Simon Powell, Global Head of Thematic Research at Jefferies, claims that the metaverse will disrupt our lives the same way the web did. When it finally arrives, it’s bound to create a radically new level of immersion, connectivity, and inclusion across multiple industries, with sports topping the list.

Castles made of bytes

Sports have always been a sort of an explosive cultural brew where spirits of challenge, entertainment, and competitiveness mixed well with bonding. Sadly, as many countries still restrict mass gatherings and keep borders closed, fans are now forced to abstain. 

We’re all longing for quality interaction, and the metaverse creates new opportunities for that. Can you picture watching your team play at a sleek modern venue designed by award-winning architects, meeting star athletes, competing with them in a game or two, and then decorating your digital hall of fame with new NFT memorabilia — all while leaning back in your favorite chair? 

Add to that life-like visuals and soundtracks brought on by professional artists and labels such as Jean-Michael Jarre and Warner Music Group, and you’ll get the perfect recipe for a homemade immersive experience. Oh, and you won’t have to wear a mask unless you choose to. 

Stroke your alter-ego

So how exactly do we interact with the metaverse? On the software level, you’ll be able to do so through a customizable 3D avatar: the visualization of your digital identity that will, quite literally, walk the virtual plains and communicate with other users.  

‘Be the best version of yourself,’ they say. However, at times, we all need to, metaphorically speaking, let our hair down. In the metaverse, you’ll get a chance to make your alter-ego look exactly like you – or, else, be whoever you want to be. Be tall or small, experiment with your clothes and hairdo, build up your image from scratch, and spice it up with unique merchandise: there’s no glass ceiling when it comes to self-expression.  

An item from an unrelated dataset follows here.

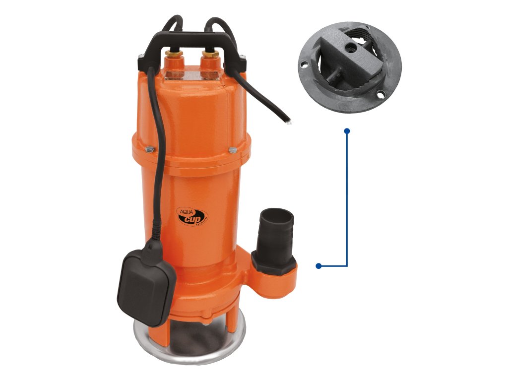 Kalové čerpadlo s obežným kolesom a rezacím nožom na znečistenú vodu s prímesou vlákien - priemyselný a domáci odpad so zvyškami textilných zmesí. Čerpadlo je vo verzii s motorom na 230 V, vybavené 10 m flexiou H07RNF3x1 mm, plavákovým spínačom a tepelnou poistkou vo vinutí motora. Teleso čerpadla je vyrobené zo samočistiacej liatiny GG20, obežné koleso z ocele ZG35, rezný nôž z ocele ZG40Cr, hriadeľ z ocele 9 Cr18 (AISI 440 B), dvojitá mechanická upchávka (C/keramika, SiC/Sic), trieda izolácie motora B, krytie motora IP 68. Konštrukčné charakteristiky teleso čerpadla z liatiny GG20 obežné koleso z ocele ZG 35 rezné koleso a drvič ZG40Cr hriadeľ z nehrdzavejúcej ocele 2Cr13 dvojité mechanické tesnenie v olejovej komore (keramika/karbón, kremík/silikón) pripojenie plavákového spínača 2" - 2 1/4" Konštrukcia motora 230 V motor so suchým chodom jednofázové prevedenie so zabudovaným kondenzátorom stupeň ochrany IP68 trieda izolácie B tepelná ochrana vo vinutí motora otáčky 2800 ot./min. ohybný kábel 10 m HO7RNF 3x1 mm maximálny počet štartov 30/hod. hodnota akustického tlaku 85 dB Použitie typ kvapaliny: kaly a odpadové vody s pevnými časticami a vláknami maximálna teplota kvapaliny 40 °C Použitie priemyselné, domáce použitie čerpanie odpadových vôd a usadenín s textilnými vláknami kvapaliny chemicky kompatibilné s materiálom čerpadlaDodatočné parametre

It’s not all about looks, though. Metaverse will also pave the way for the “ultimate inclusion,” letting people with limited opportunities connect with their favorite athletes and explore this new digital space, unrestrained by physical or geographical boundaries. 

The clockwork behind metaverse

2021 marked the start of the Big Bang of the metaverse. Souk, a virtual monument commissioned by Vignesh Sundaresan and Anand Venkateswaran to host Beeple’s artwork; Decentraland (MANA), a game that lets you trade digital properties; and Sensorium Galaxy, one of the first attempts at a full-fledged shared metaverse, are just a few of the metaspace pioneers.

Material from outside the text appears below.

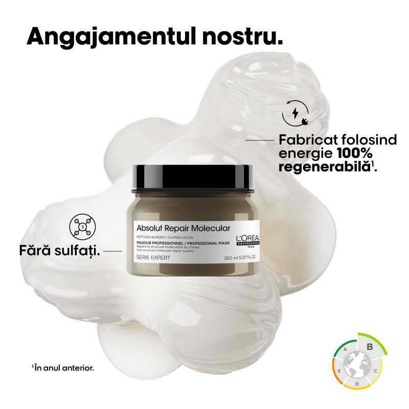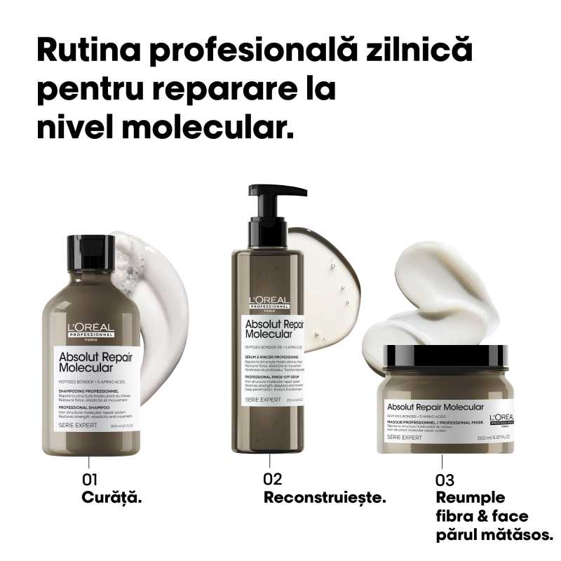Masca concentrata pentru par deteriorat L’Oreal Professionnel Serie Expert Absolut Repair Molecular, formulata cu legaturi peptidice si 5 aminoacizi, ofera netezime, stralucire, par matasos & hidratat, 150 ml
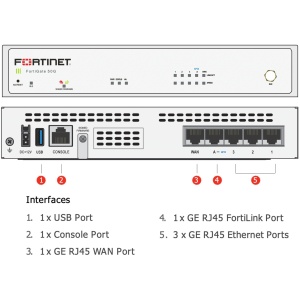 The Fortinet FortiGate 50G series is a compact, high-performance next-generation firewall (NGFW) designed for small to medium-sized businesses, branch offices, and distributed enterprise sites. It integrates advanced security features, SD-WAN capabilities, and wireless connectivity options into a single appliance, making it ideal for building secure networks and transforming WAN architectures.Key FeaturesHigh-Performance Security: Powered by Fortinet’s proprietary SP5 ASIC, the FortiGate 50G delivers up to 5.0 Gbps firewall throughput, 2.3 Gbps IPS throughput, and 4.5 Gbps IPsec VPN throughput. Comprehensive Threat Protection: Includes intrusion prevention system (IPS), anti-malware, application control, SSL inspection, and DDoS protection.Zero Trust Network Access (ZTNA): Supports ZTNA to ensure secure and granular access control. Integrated SD-WAN: Built-in SD-WAN capabilities enable efficient and secure WAN management. Wireless Connectivity Options: Models like the FortiWiFi 50G offer built-in Wi-Fi 6 (802.11ax) access points, while others support embedded 5G, DSL, or SFP modules for versatile connectivity. Trusted Platform Module (TPM): Enhances hardware-based security by securely storing cryptographic keys. Compact and Reliable Design: Desktop form factor suitable for small environments, with options for wall mounting.SpecificationsFeatureSpecificationFirewall ThroughputUp to 5.0 GbpsIPS Throughput2.3 GbpsThreat Protection1.1 GbpsIPsec VPN Throughput4.5 GbpsConcurrent SessionsUp to 720,000New Sessions per Second85,000Max Firewall Policies2,000Max VPN Tunnels200 (IPsec)Max Access Points16 (for WiFi models)Form FactorDesktop (216 x 160 x 40.5 mm)Weight1.00 kgPower SupplyExternal PSUInterfaces (Model-Dependent)Port TypeQuantityGE RJ45 PortsUp to 5 (including WAN and LAN)GE SFP Port1 (on SFP models)PoE+ PortsUp to 3 (on SFP-PoE models)USB Port1Console Port1DSL Module1 (on DSL models)5G ModuleEmbedded with 5 external antennas (on 5G models)Model VariantsFortiGate 50G: Base model with standard interfaces.FortiGate 50G-SFP: Includes an additional SFP port for fiber connectivity.FortiGate 50G-SFP-POE: Adds PoE+ capabilities for powering devices like IP phones and cameras.FortiGate 50G-DSL: Features an embedded DSL modem for broadband connections.FortiGate 50G-5G: Equipped with an embedded 5G module and external antennas for high-speed wireless WAN.FortiWiFi 50G: Integrates Wi-Fi 6 access point for wireless connectivity.

A virtual world this big will require infrastructure, and decentralized solutions fit together perfectly with the big picture. Blockchain technology, for one, can serve as an invincible archive; decentralized storage platforms enable massive amounts of data to be stored while providing digital sovereignty to metaverse users.

Cryptocurrencies and new revenue models, such as play-to-earn, will power its economy. Decentralized autonomous organizations (DAOs) will allow fair governance, and smart contracts will help eliminate intermediaries. And lastly, NFTs can have several functions: from serving as digital keys and passes to representing virtual property ownership.

Missing pieces

In his recent “The Digitization of Everything” report, Powell suggests an action plan for bringing the metaverse to life: “Focus initially on the hardware needed to lift the internet up to become the metaverse. Then look at the software that will design and host it, and ultimately the businesses that create use cases for it.”

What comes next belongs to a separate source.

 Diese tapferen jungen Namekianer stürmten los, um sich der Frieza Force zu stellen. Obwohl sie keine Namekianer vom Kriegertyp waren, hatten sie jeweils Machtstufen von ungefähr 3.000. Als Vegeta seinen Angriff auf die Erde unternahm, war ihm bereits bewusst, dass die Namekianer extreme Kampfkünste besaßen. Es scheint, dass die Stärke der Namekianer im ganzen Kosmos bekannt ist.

Well, there’s no lack of demand or talent, and successful use cases are bound to arrive soon. For example, the virtual real estate market is already booming, as Sandbox and Decentraland plots are sold for millions of dollars; the concept of the metaverse is bringing together leading developers, designers, architects, and creators. 

Why such hype? Well, there’s a general trend of chasing greater immersion and interactivity in entertainment, and the metaverse is the next logical step towards that. Offering a whole new level of engagement, digitization, and decentralization, it creates new opportunities in the face of old limitations. And as for sports, it wouldn’t be the first use case where tech allowed to reinvent the whole industry — yet, probably, the most notable one so far.